The museum of measurement
The museum of the weight and measure of the city of Tabriz was established starting from the year 1380 (Solar Hegira) in the spaces of the Salmasi House which dates back to the Qajar era and was built in 1381 (Lunar Hegira) on three sides of the courtyard (width 650 square meters) on two floors with foundations of 875 square meters.
The building consists of an entrance with brickwork, a vestibule and an entrance corridor to the large room with a fountain in the center, a large living room with three doors to the north and living rooms (for residential use) adjacent to the east and west, a water warehouse and a small garden.
The main part of the building is located on the northern side of the courtyard. Even the facades located to the west and east have services and rooms for residential purposes. In the adjacent entrances of the western hall, two colonnaded iwān have been added.
The lower floor of the northern hall is used as a large room with a fountain in the center and as a summer residence.

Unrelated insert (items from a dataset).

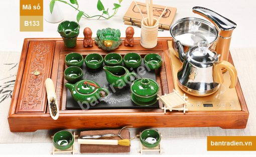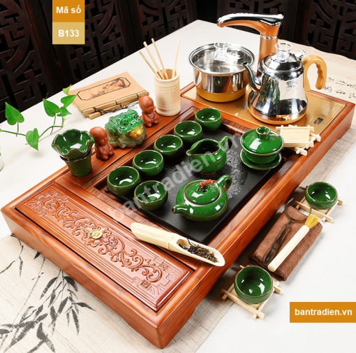 Bộ bàn trà điện thông minh B133 mang phong cách thiết kế truyền thống xen lẫn các đường nét trang trí họa tiết sang trọng. Làm nên bộ sản phẩm thực sự sang trọng đẳng cấp. B133 được làm bằng gỗ tự nhiên và mặt bàn làm bằng đá, đi kèm có nhiều tiện ích:
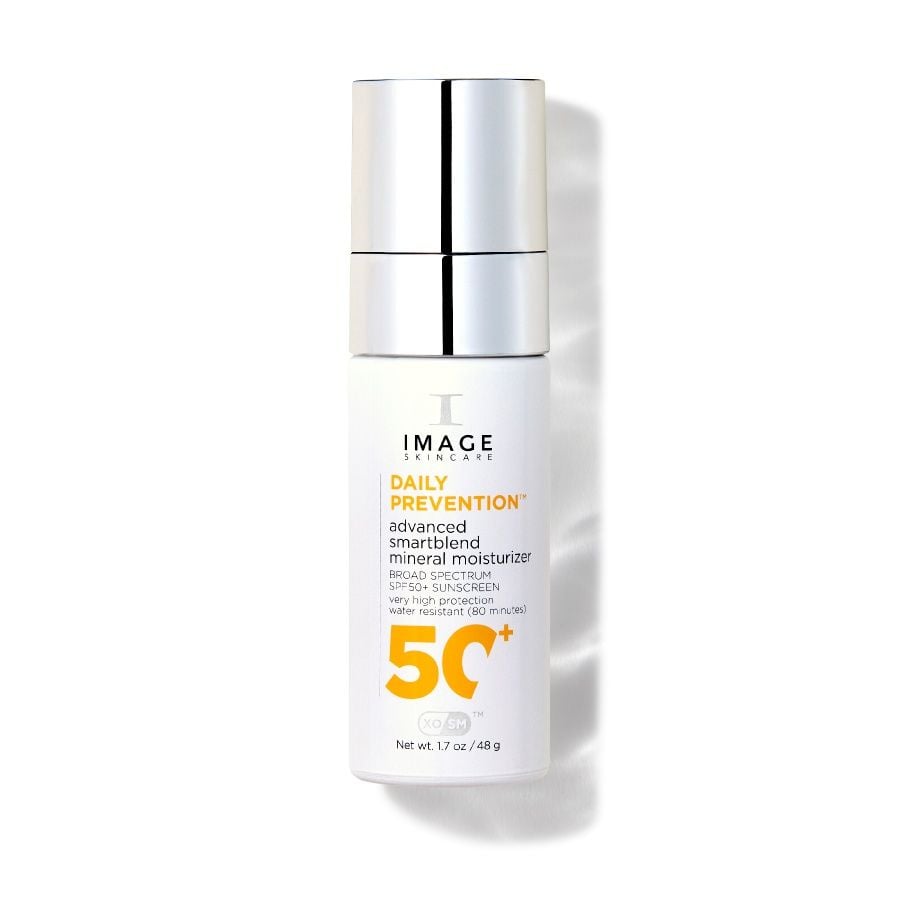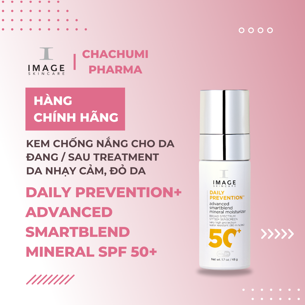 DAILY PREVENTION Advanced Smartblend Mineral Moisturizer SPF 50 là kem chống nắng vật lý thế hệ mới đến từ thương hiệu Image Skincare (Mỹ), được thiết kế dành riêng cho làn da nhạy cảm, da dễ kích ứng hoặc sau điều trị thẩm mỹ. Với công nghệ Smartblend™ độc quyền, sản phẩm mang đến lớp màng chắn khoáng chất tự nhiên, bảo vệ da toàn diện trước tia UVA/UVB, ánh sáng xanh và ô nhiễm môi trường – đồng thời giúp dưỡng ẩm, làm dịu và phục hồi da hiệu quả.
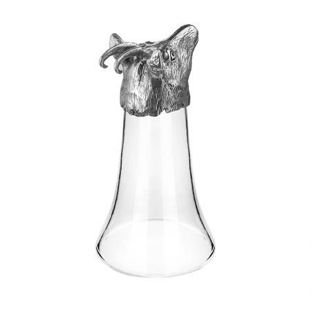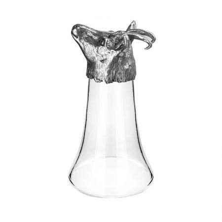 Чаша за аперитив/ракия/ от кристално стъкло с оригинална визия-глава на животно, изработена от сребро и калай.
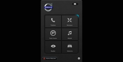 Ana menü yapısı Volvo uzaktan kumandalarındakine benzer şekilde butonlar halinde sıralanan uygulamada, ekranın sol alt kısmında Volvo OtoLine acil arama butonu ve sağ üstte ise Volvo'dan güncel haberlerin iletildiği mesajlarınız butonu bulunuyor.
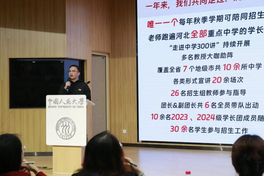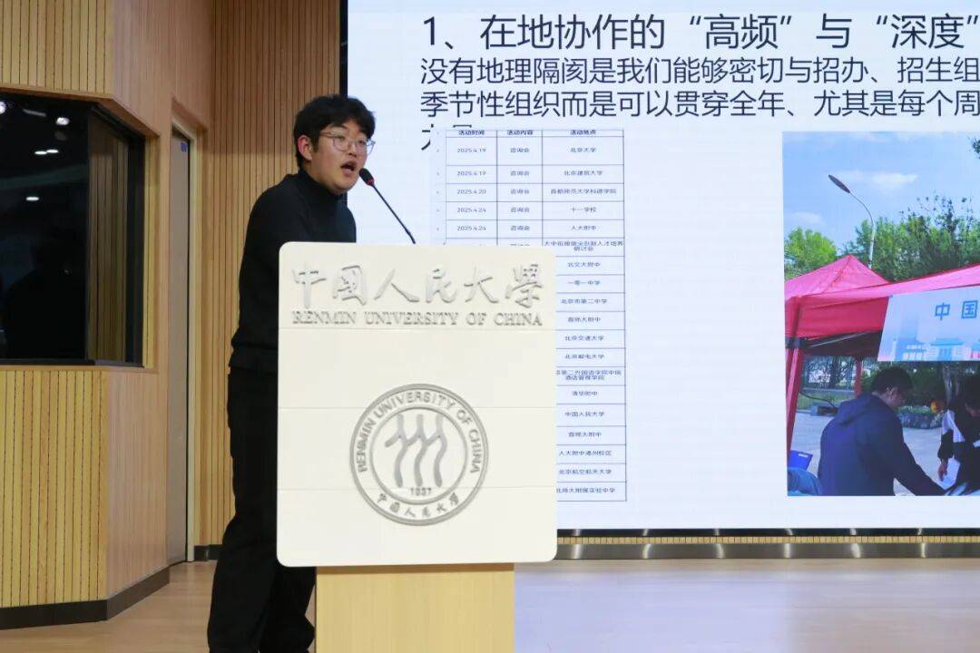 我们围绕“筑基—深耕—决胜—展望” 推进工作。通过招募成员、划分片区搭建团队运营框架,以多场见面会凝聚团队力量;定制针对性内容开展宣讲,结合寒假多场活动、招生组线下走访及线上家长群答疑深耕生源维护;暑期组织学生助理配合老师开展高招会,齐心协力全力吸引优质生源。未来,我们会针对新高考趋势,以立体化宣传、实证案例和全周期服务优化工作,持续助力三晋学子筑梦人大!

The building has ornaments in the center of the room, around the arches, ceilings and fireplaces. The ceiling of the north hall and the north facade from the inside of the courtyard have stucco ornaments along with mirror decorations. The sliding windows with colored glass and the workmanship of the stucco and brick portal presents the appearance of candelabra. The arch of the vestibule is covered with embossed bricks and the ceiling of the room with the fountain in the center has a four-sided arch. The columns of the iwān have worked stucco capitals. The museum displays various weight instruments such as goldsmith's scales, large scales used in market squares, the stone weigher, oil containers, instruments relating to astronomy such as the astrolabe, measuring instruments relating to meteorology, compasses and clocks from past centuries. A five-million-year-old tree trunk dating back to the Pliocene and Cenozoic periods is also preserved in this museum. Over time, the material of this tree has transformed into silica stone, fossilizing itself. Also the pots and sections of this tree, with the absorption of organic substances, hardened and the outer layer took on a color similar to that of rusty iron. In the museum of weight and measure there is also an example of the first existing petrol pumps in Iran which is a hand pump. This is about a hundred years old and is an English production. In this museum there is also a historical clock with the image of Caesar Augustus, Roman emperor made in the 17th century AD in the city of Cannes in France.